SELECT column_name(s), COUNT(*)
FROM table_name
GROUP BY column_name(s)
HAVING condition;
  • “Aggregation” means performing some operations on a group of objects.

COUNT: count the value
MAX: find the maximum value
MIN: find the minimum value
AVG: calculate the average value
SUM: sum up the values

COUNT

  • Suppose that we want to count the number of different languages.
SELECT COUNT(*) FROM language
  • In this example, all tuples in the table “language” is considered as a group. The query counts the number of distinct objects in the group.
    After applying an aggregation function, the result of COUNT(*) is treated as an attribute.

GROUP BY

  • For example, find the number of films for each language. The resulting table has two columns, one for languages, one for the number of films.

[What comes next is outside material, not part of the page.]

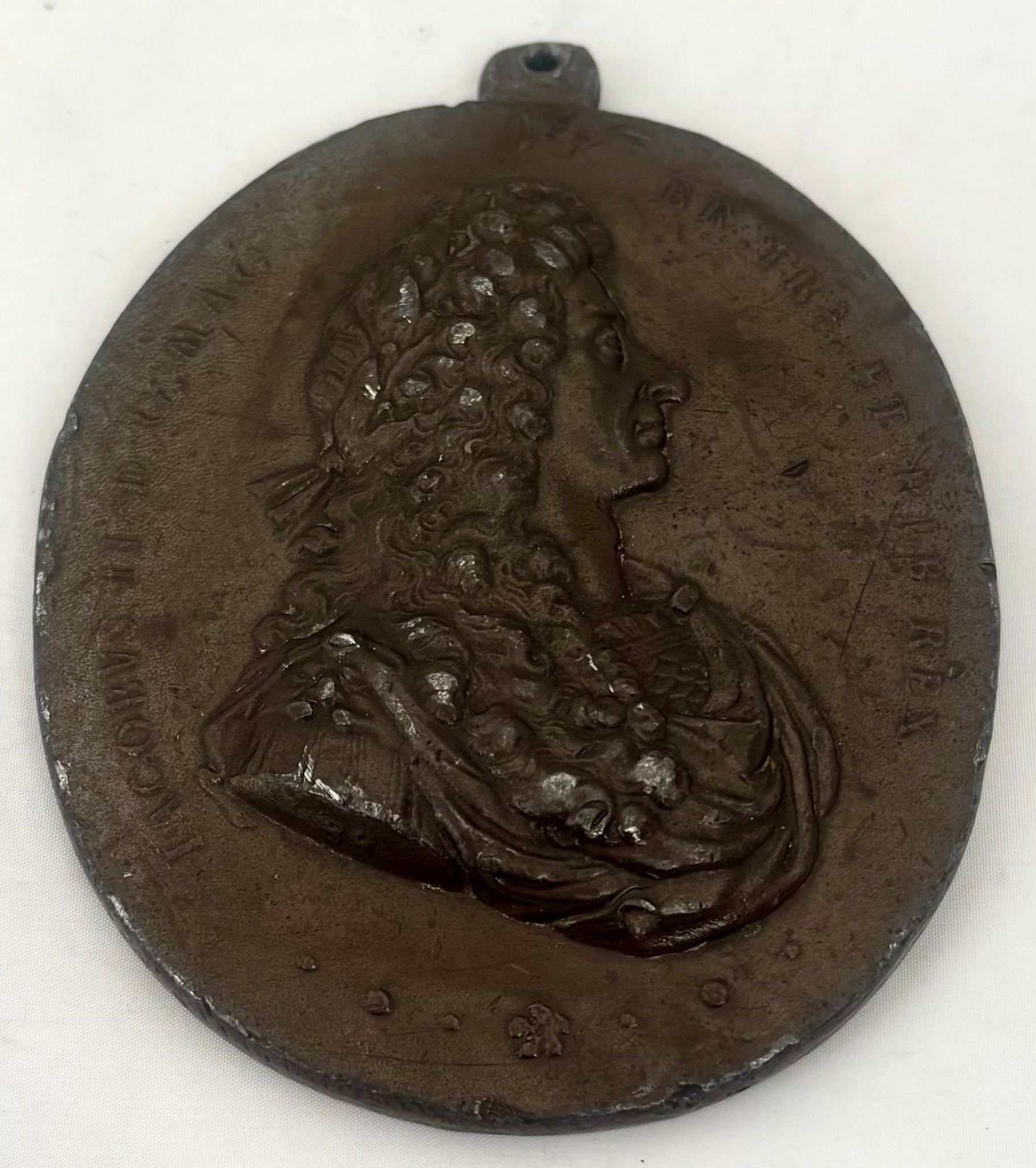 James II (1633 - 1701) Bronzed Metal Uniface Portrait Profile Bust Medallion. Of oval form with a suspension loop. The legend around the medallion reads:

Only those films of the same language are in the same group (different language different group).
Then, count the number within each group.

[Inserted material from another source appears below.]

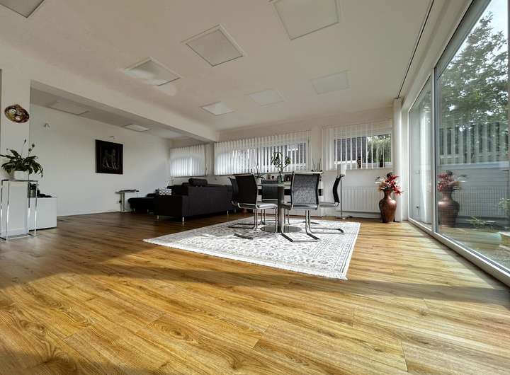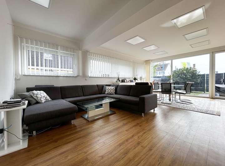 + Offener Wohn-/Essbereich mit breiter Fensterfront und direktem Zugang zur Terrasse

  • To achieve the grouping, we use GROUP BY.
SELECT language_id, count(film_id) 
FROM film JOIN language USING(language_id) 
GROUP BY (language_id) 
  • To indicate the result of aggregation of each group, group by attributes are usually selected.

HAVING

  • Sometimes we need condition checking before and after aggregation functions

  • For example, show the actors’ names and the number of Sci-Fi movies played by him/her if the number of Sci-Fi movies is more than 3

SELECT actor_id,first_name,last_name,COUNT(film_id)
FROM actor JOIN film_actor USING (actor_id) 
    JOIN film USING(film_id) 
    JOIN film_category USING(film_id)
    JOIN category USING(category_id)
WHERE category.name='sci-fi'
GROUP BY actor_id
HAVING COUNT(film_id)>3;
  • The query is executed in this sequence.
  1. Combine the tables in FROM clause
  2. Check the condition in WHERE clause
  3. Group tuples
  4. Aggregation function
  5. Check the condition in HAVING clause
  6. Output the selected attributes

DISTINCT

Assuming that every country has a city. Why the following query cannot find the number of countries?

SELECT COUNT(country_id)
FROM city

We only assume that every country has a city. But, a country may have multiple cites.
Those countries will be over counted.
We can use DISTINCT to remove duplications.

SELECT COUNT(DISTINCT country_id)
FROM city